**Task directions**
Only the lines below from the one that holds "- Elastyczna i" through the one that holds "Есть п/я насаждения" should appear in the answer, copied exactly, end lines included and pictures omitted.

**Data listing**

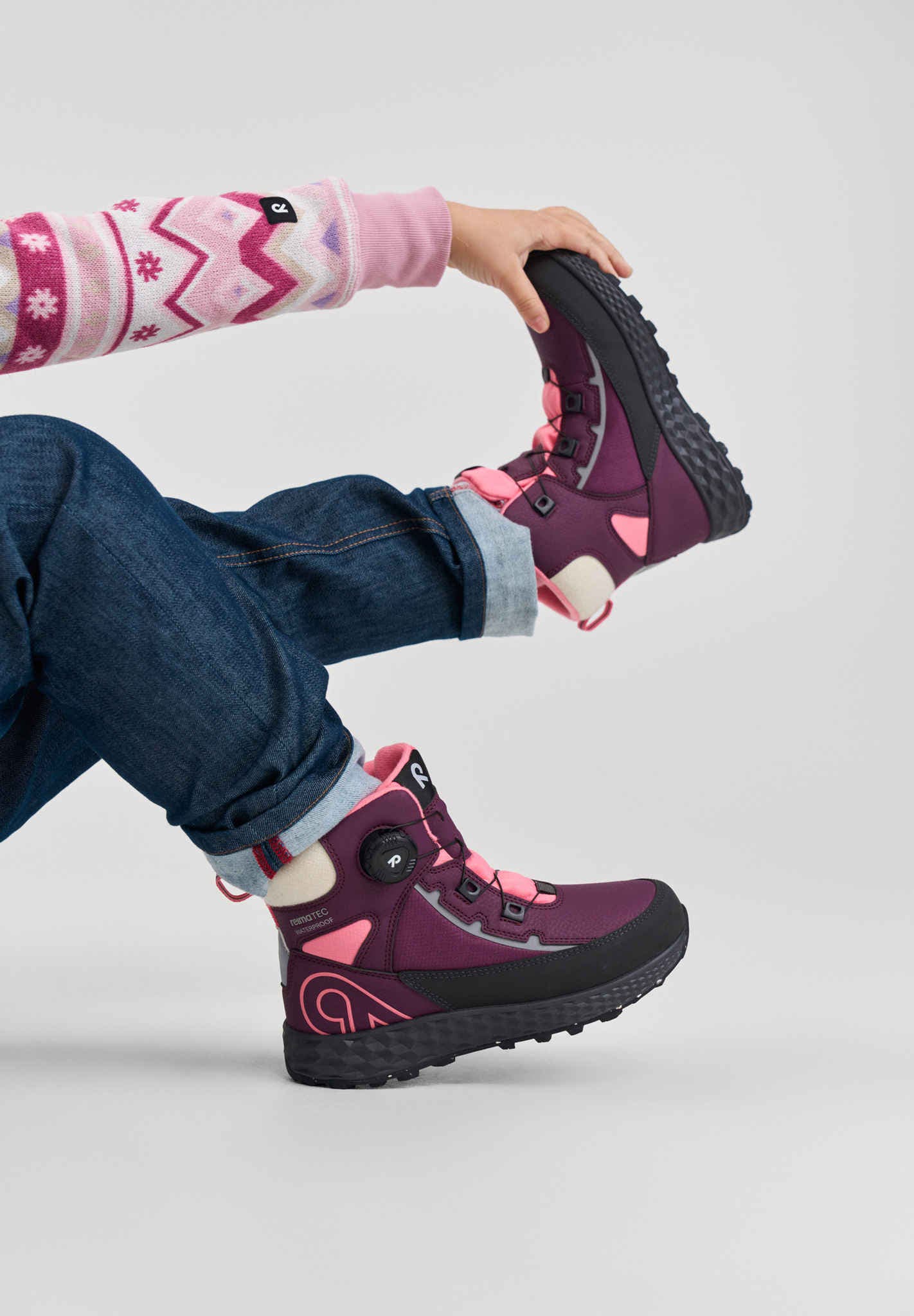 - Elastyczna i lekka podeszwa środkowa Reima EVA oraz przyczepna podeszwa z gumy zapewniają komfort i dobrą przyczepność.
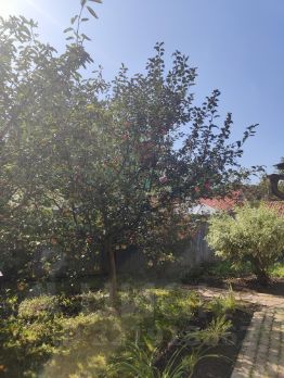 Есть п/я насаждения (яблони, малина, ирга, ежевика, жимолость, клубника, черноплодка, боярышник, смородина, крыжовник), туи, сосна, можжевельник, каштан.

==

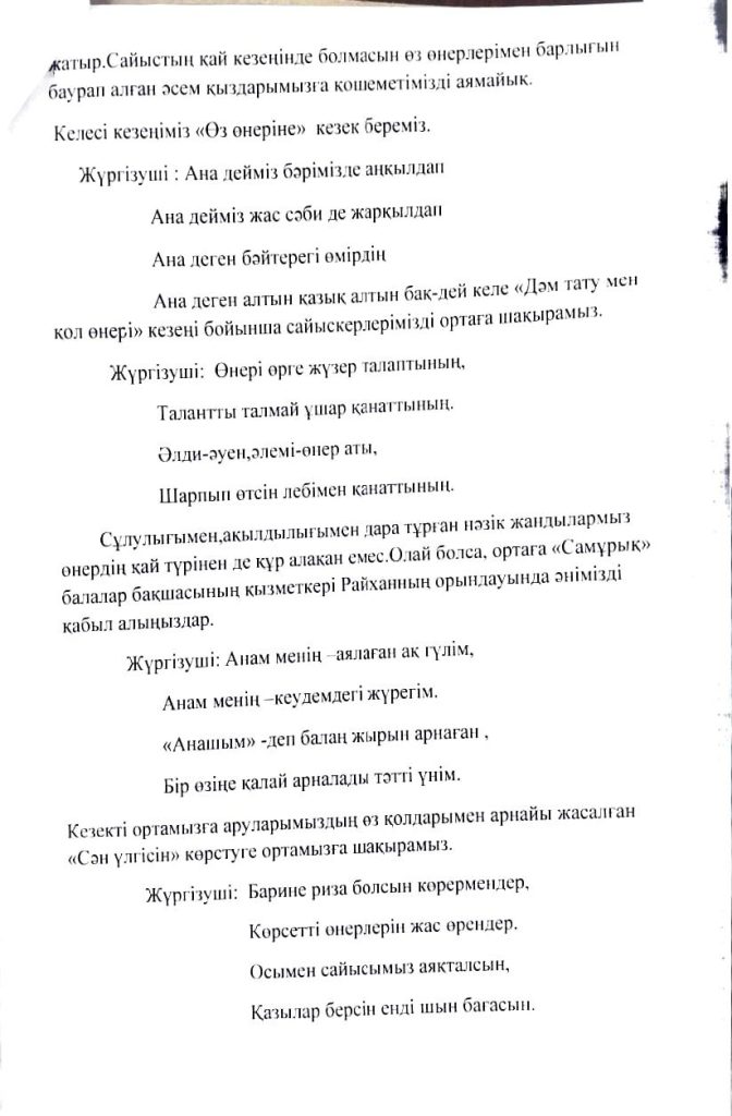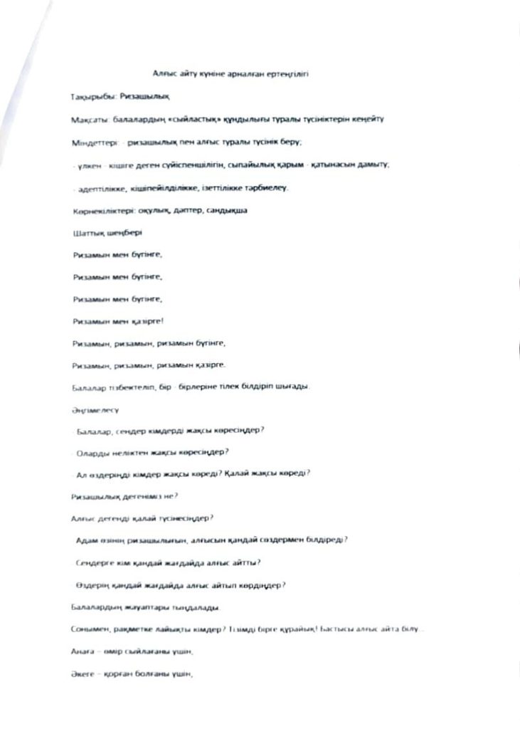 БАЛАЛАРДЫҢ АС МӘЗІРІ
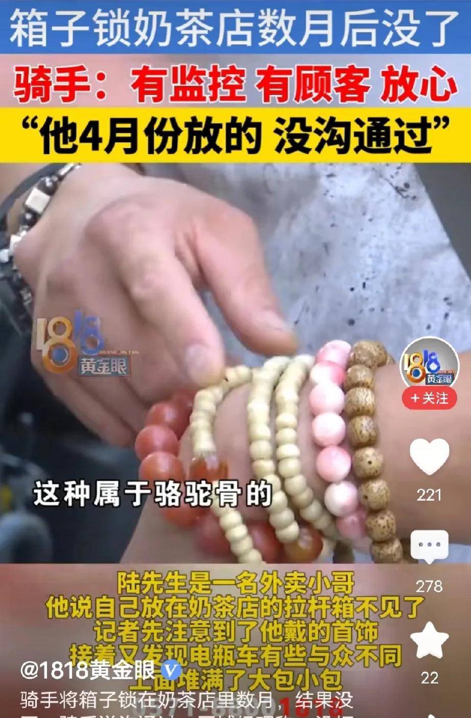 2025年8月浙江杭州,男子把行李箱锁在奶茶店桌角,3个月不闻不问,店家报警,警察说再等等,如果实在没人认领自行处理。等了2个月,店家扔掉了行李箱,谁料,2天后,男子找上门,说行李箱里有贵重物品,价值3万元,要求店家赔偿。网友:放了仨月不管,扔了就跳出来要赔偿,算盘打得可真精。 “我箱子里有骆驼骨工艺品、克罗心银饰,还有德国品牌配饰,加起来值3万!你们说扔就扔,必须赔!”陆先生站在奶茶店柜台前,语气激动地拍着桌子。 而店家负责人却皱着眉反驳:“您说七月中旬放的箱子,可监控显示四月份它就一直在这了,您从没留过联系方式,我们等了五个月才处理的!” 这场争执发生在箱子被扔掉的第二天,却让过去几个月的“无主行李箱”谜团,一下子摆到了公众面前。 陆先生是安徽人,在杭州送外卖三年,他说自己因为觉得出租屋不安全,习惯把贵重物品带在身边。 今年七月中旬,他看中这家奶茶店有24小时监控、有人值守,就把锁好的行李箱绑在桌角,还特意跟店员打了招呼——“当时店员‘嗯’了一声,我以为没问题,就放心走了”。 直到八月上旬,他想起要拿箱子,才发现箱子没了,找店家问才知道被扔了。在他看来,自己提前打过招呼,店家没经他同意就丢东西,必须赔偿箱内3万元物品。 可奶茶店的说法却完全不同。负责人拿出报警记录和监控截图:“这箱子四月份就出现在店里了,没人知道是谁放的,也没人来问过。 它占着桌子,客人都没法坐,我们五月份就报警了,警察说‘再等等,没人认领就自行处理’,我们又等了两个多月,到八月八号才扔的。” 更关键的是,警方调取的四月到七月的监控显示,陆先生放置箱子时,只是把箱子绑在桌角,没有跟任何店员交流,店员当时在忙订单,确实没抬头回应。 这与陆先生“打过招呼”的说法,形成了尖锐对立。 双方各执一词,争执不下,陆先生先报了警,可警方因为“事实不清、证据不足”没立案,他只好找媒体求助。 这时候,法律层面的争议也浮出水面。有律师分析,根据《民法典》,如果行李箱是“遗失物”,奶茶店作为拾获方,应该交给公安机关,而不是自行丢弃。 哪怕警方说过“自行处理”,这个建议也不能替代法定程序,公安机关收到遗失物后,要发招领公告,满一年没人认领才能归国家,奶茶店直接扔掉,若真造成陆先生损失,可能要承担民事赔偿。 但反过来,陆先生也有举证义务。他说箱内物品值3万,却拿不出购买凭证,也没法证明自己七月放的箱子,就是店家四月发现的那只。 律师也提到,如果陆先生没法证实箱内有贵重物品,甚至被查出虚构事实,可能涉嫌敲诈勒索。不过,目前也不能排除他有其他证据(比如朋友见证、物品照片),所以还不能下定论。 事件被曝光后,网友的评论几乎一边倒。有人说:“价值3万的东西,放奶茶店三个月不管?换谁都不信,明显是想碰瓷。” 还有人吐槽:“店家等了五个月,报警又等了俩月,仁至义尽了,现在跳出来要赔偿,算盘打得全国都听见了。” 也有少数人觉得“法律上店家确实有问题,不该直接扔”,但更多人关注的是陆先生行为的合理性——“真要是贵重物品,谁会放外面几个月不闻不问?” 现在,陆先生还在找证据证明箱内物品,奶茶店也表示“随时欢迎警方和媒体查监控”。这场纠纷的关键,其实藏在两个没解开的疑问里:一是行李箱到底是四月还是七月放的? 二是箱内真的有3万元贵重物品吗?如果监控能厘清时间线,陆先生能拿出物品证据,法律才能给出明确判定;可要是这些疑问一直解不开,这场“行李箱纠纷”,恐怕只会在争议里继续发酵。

* * *

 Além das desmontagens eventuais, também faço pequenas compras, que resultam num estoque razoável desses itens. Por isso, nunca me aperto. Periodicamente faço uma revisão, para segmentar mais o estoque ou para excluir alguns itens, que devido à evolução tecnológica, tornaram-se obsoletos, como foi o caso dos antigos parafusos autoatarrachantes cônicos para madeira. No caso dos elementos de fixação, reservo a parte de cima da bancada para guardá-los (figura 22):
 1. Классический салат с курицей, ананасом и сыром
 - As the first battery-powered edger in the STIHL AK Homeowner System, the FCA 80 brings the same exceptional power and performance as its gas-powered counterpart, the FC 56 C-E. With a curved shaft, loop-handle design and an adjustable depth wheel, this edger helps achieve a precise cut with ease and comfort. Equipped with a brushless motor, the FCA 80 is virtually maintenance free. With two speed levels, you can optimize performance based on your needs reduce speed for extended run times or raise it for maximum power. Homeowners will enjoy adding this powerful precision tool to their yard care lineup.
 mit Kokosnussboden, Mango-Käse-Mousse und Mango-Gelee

**Exercise result**
 - Elastyczna i lekka podeszwa środkowa Reima EVA oraz przyczepna podeszwa z gumy zapewniają komfort i dobrą przyczepność.
 Есть п/я насаждения (яблони, малина, ирга, ежевика, жимолость, клубника, черноплодка, боярышник, смородина, крыжовник), туи, сосна, можжевельник, каштан.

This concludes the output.